The Energy Profits Levy (EPL) – setting a headline tax rate of 78% – has cast a long shadow across UK offshore investment. For many companies, it’s been a clear deterrent to committing capital. Though recent media reports hinted at the possibility of an early EPL sunset (currently scheduled to run until 31 March 2030, barring price-triggered deactivation), the Spring Budget offered no relief. Hopes for a policy shift came and went without a glimmer of change.

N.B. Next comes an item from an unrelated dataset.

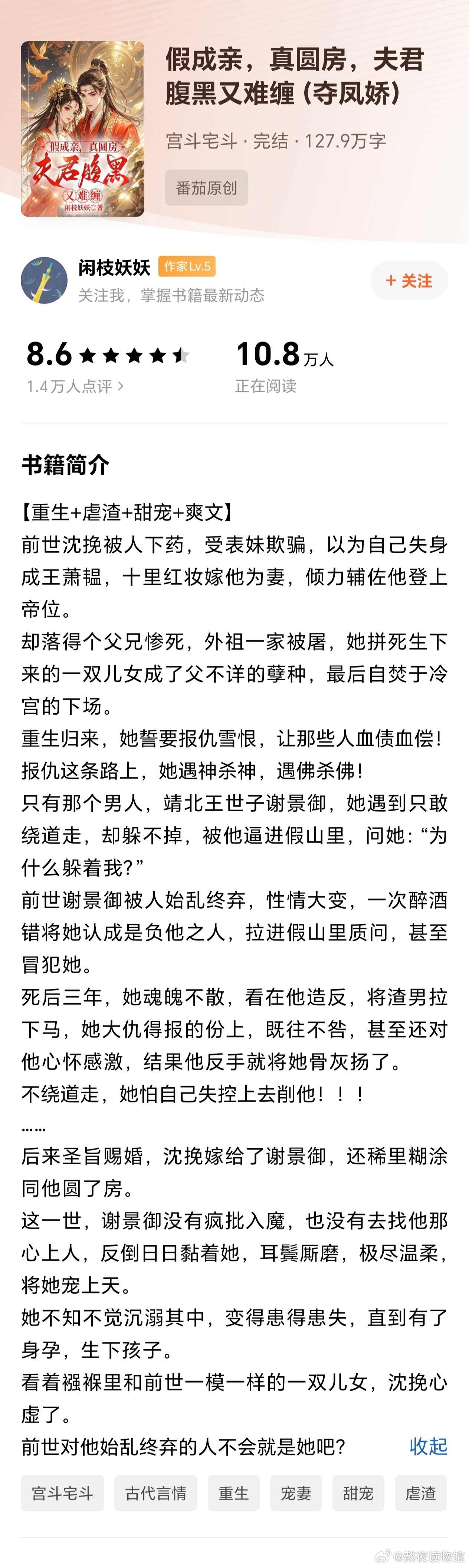 推文 《假成亲,真圆房,夫君腹黑又难缠(夺凤娇)》作者:闲枝妖妖腹黑世子与貌美聪慧贵女,重生虐渣爽文

With the UK’s fleet whittled down, the semisub segment has become not just lean, but practically locked up. Only the two Well-Safe units show any meaningful availability gaps on the horizon, and they are likely to start filling up. Jack-ups, by comparison, offer a touch more breathing room: one marketed rig is fully open today with no firm future work, and Westwood’s RigLogix data points to six more jack-ups potentially becoming available (and free of contract options) through the course of 2026, assuming no extensions or fresh awards materialise.
A market at a crossroads
The picture is clear: the UK rig market is at a critical juncture. Supply has shrunk dramatically, opportunities have thinned, and policy remains the great unanswered question looming over future investment. For now, the global market may be inching forward this year - but for the UK, the story is one of contraction, caution, and an offshore sector waiting for its next chapter to begin.